Leveraging BERT and c-TF-IDF to create easily interpretable topics.
https://maartengr.github.io/BERTopic/
MIT License
6.12k stars 763 forks source link

Replacing Sub-models with already fitted models #1318

Closed daso94 closed 1 year ago

daso94 commented 1 year ago

Hello,

I was wondering if it was possible to replace the submodels (hdbscan_model, umap_model) of a topic_model with already fitted instances of according models? Let's say I want to switch between MiniBatchKMeans models with different cluster sizes as hdbscan_models. Right now, I always have to create a new instance of a topic model and fit the whole pipeline. Is it possible to just replace the sub-model?

Kind regards!

MaartenGr commented 1 year ago

There are a number of tricks to do this. If you already have fitted models, you would still need to reduce the input embeddings in their dimensionality, so that part of the pipeline still needs to run. Having said that, you can skip over the dimensionality reduction part following this guide. This especially helps if you pre-calculated the reduced embeddings. Moreover, you can use the structure of a dimensionality reduction and clustering algorithms at the start to make sure it skips fitting the model.

For example:

class DimensionalityReduction:
    def __init__(self, my_fitted_dim_model):
        self.my_fitted_dim_model = my_fitted_dim_model

    def fit(self, X):
        return self

    def transform(self, X):
        return self.my_fitted_dim_model.transform(X)
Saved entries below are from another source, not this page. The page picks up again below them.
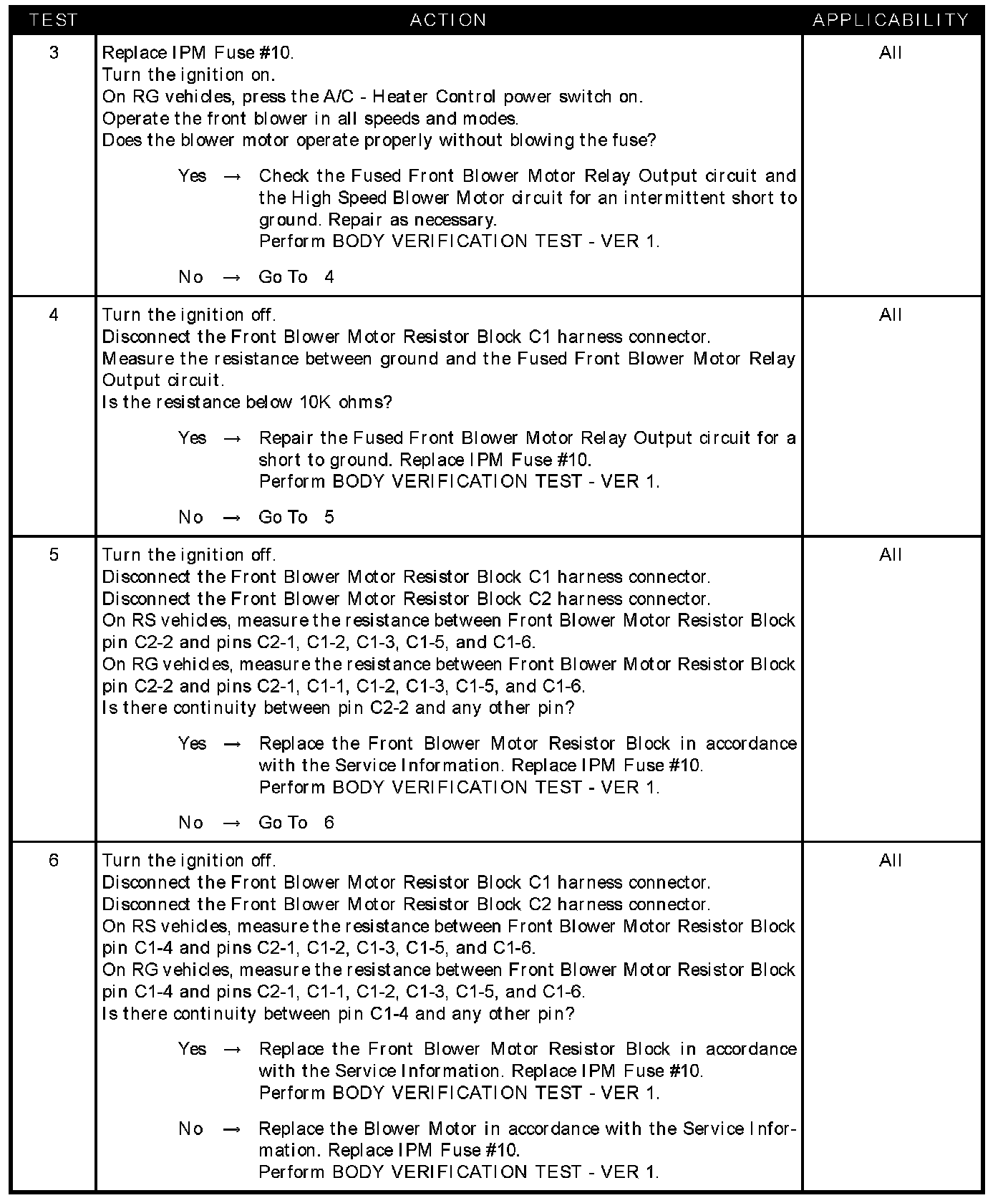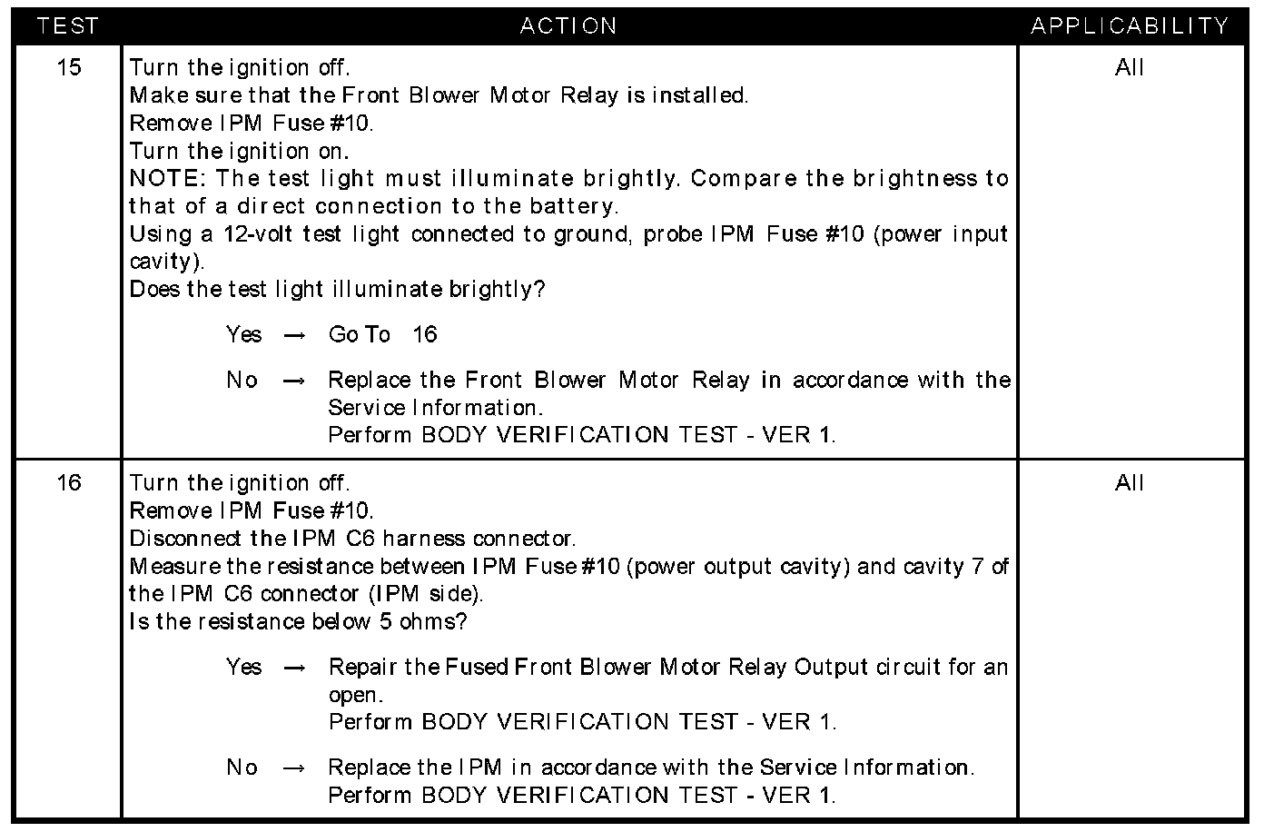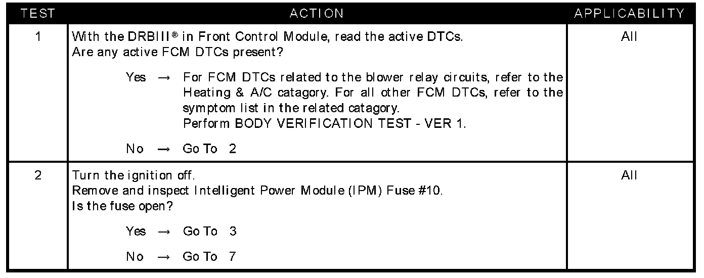 - Fused front blower motor relay output circuit open
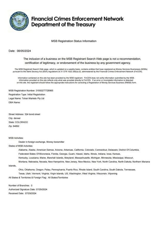 As a world-class trading service provider, Tshan Markets is regulated by the MSB of the United States to ensure the conduct of reasonable and legal financial business in the prescribed areas, allowing users to experience formal and convenient financial services.
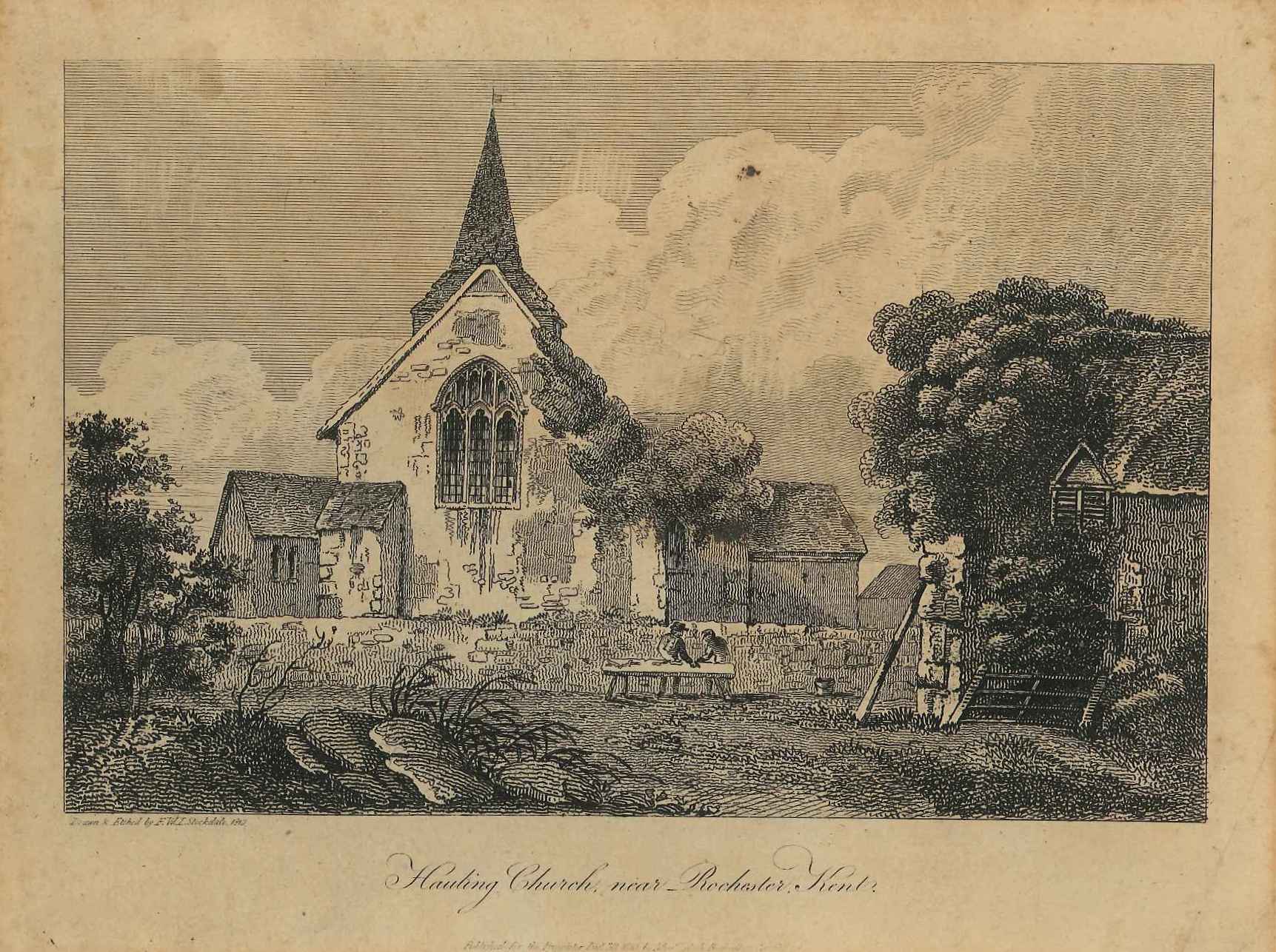 - DescriptionPrint of a view of Halling church; in the foreground are some of the overgrown ruins of Halling palace & 2 workmen with a bench; presumably taken from a book. Donated some time late 19th or early 20th century.
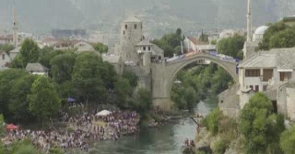 Bosnia, gara di tuffi dal Ponte vecchio di Mostar, voli di 26 metri Bosnia, gara di tuffi dal Ponte vecchio di Mostar, voli di 26 metri
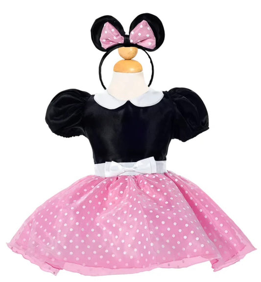 LP-07 BY Alegría imports inspired polka dot dress up for girls includes black pantyhose and headband is made of silk and is perfect for a party theme or a magical vacation.
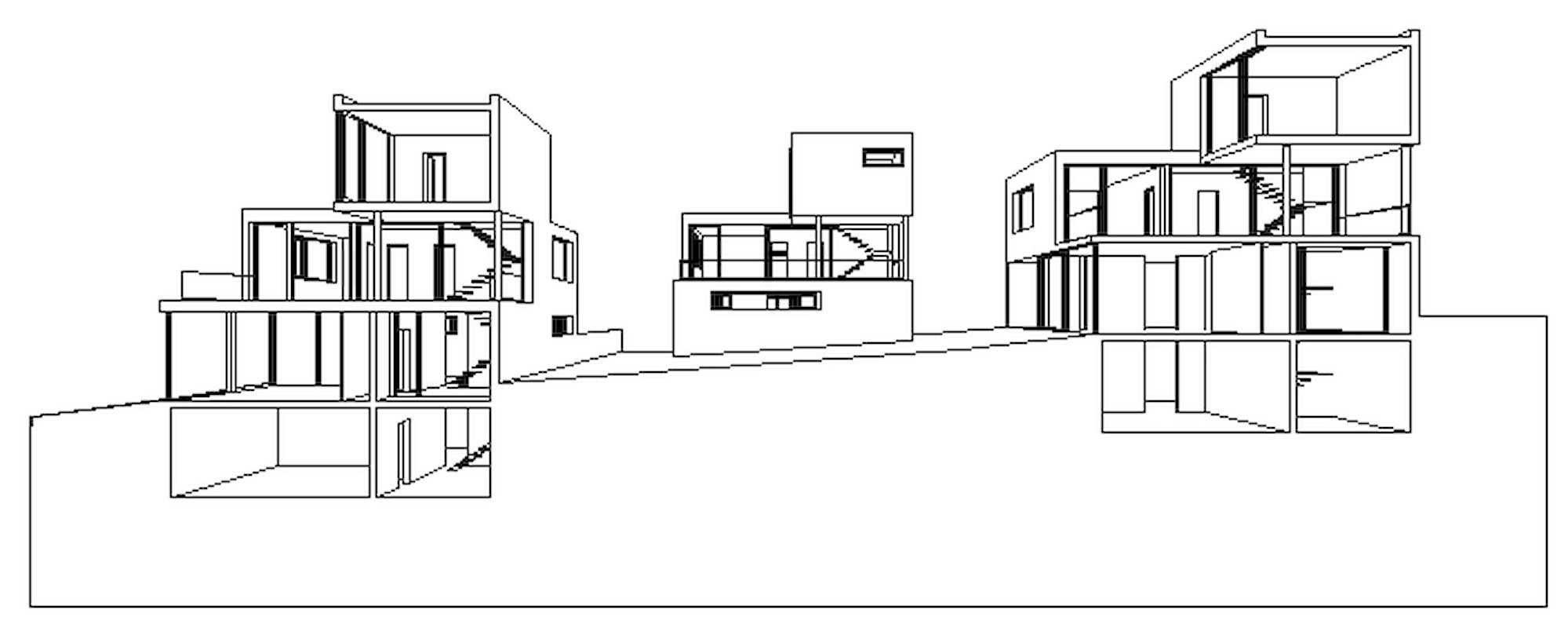 Baukörperreihungen verlaufen grundsätzlich mit der Hangneigung und zwischen den Häusergruppen liegen Abstände in Gebäudetiefe, so daß eine ausreichende Durchlüftung unterstützt wird. Die Versiegelung wird im gesamten Planungsgebiet auf ein Minimum eingegrenzt und versiegelte Flächen speisen zur Entlastung des örtlichen Kanalnetzes zwei teichartige Regenwasserrückhaltebecken. Es entstehen Verdunstungsmöglichkeiten, einer Überwärmung des Gebietes im Hochsommer wird auf natürliche Weise entgegengewirkt und darüber hinaus können die Regenwasserrückhaltebecken zur Landschaftsbewässerung herangezogen werden.
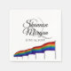 Ces belles serviettes feront de votre réception de mariage quelque chose de spécial. Elles arborent une image de drapeaux gay pride arc-en-ciel. Personnalisez facilement avec vos noms et la date du mariage.
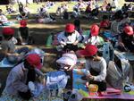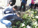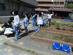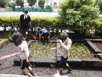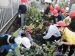 連休の谷間の金曜日、気温が上がり校庭で体育をしている子どもたちは「暑い!」を連発しています。花壇の草むしりをする2年生も暑そうです。6組の子どもたちが給食の野菜くず’(にんじんの皮や菜っ葉の芯など)を肥料にして夏野菜の栽培に取り組みます。今日も野菜くずを小さく砕いて堆肥作りをしました。ゴミの減量にもなり一石二鳥の取組です。きっと立派な野菜ができることでしょう。
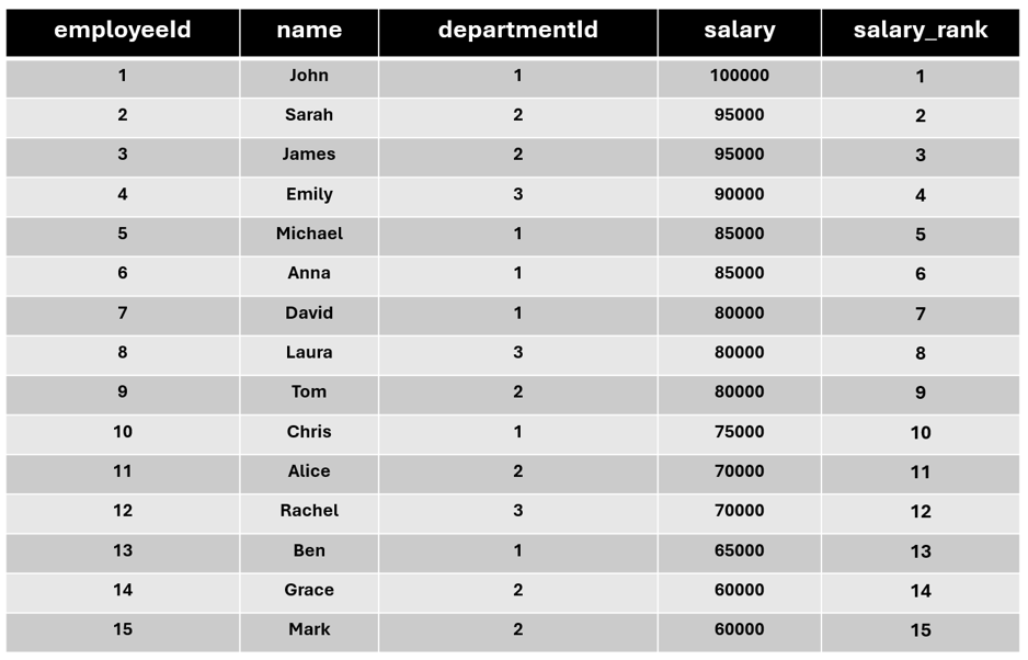 - جوا OVER استخدمنا PARTITION BY departmentId لأننا عايزين نعرف أعلى مرتبات لكل قسم، واستخدمنا ORDER BY salary DESC عشان نقول لـ DENSE_RANK تمشي بالترتيب من أعلى لأقل مرتب
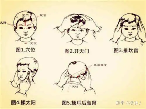 从上往下梳背或华佗夹脊10次,开天门50次,推坎宫50次,按揉太阳穴1分钟,按揉小天心1分钟,按揉神门1分钟
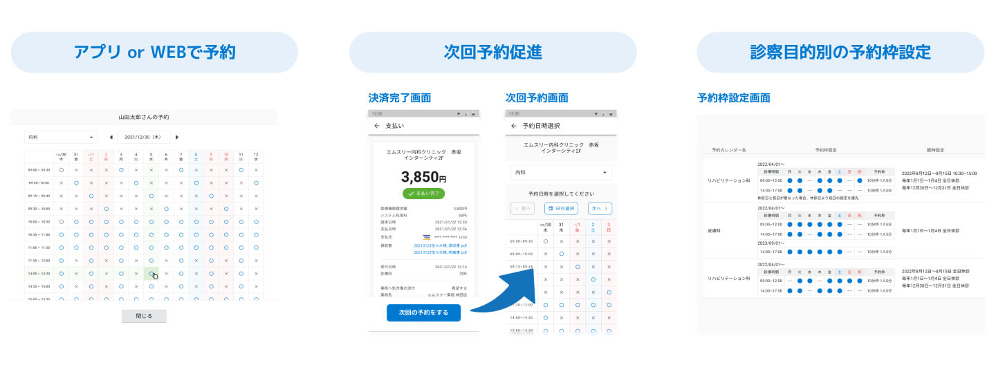 - Web利用:アプリのインストールなしでも、スマホ・PCから予約、問診、決済等を利用できます。
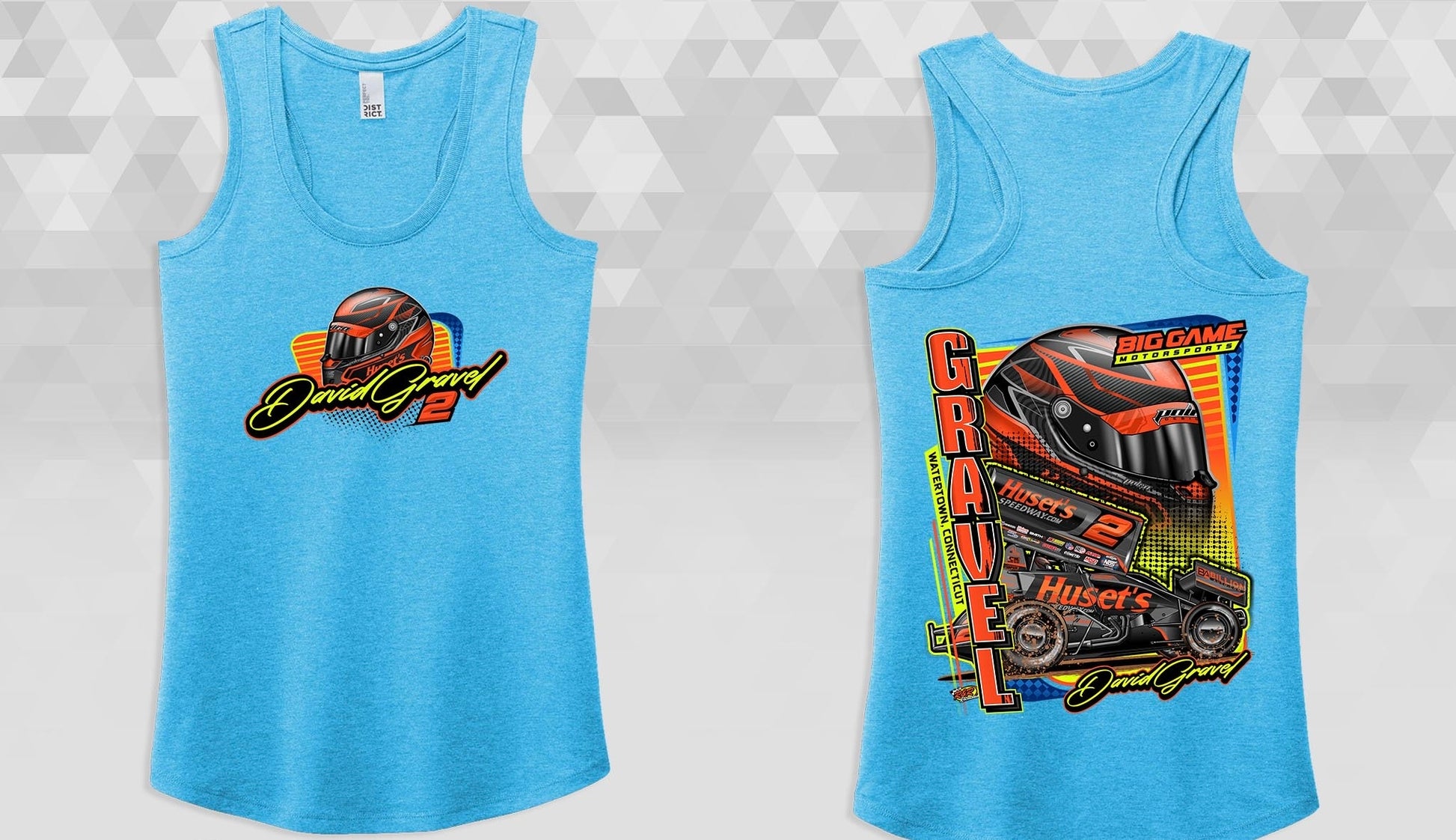 Printed on a District Women's Perfect Tri Racerback Tank in the color Turquoise Frost

dim_model = DimensionalityReduction(my_fitted_dim_model)
topic_model = BERTopic(umap_model=dim_model)

The same could be done for the clustering model:

class ClusterModel:
    def __init__(self, my_fitted_cluster_model):
        self.my_fitted_cluster_model = my_fitted_cluster_model
        self.labels_ = self.my_fitted_cluster_model.labels_

    def fit(self, X):
        return self

    def predict(self, X):
        return self.my_fitted_cluster_model.predict(X)

cluster_model = ClusterModel(my_fitted_cluster_model)
topic_model = BERTopic(hdbscan_model=cluster_model)
daso94 commented 1 year ago

Thank you very much!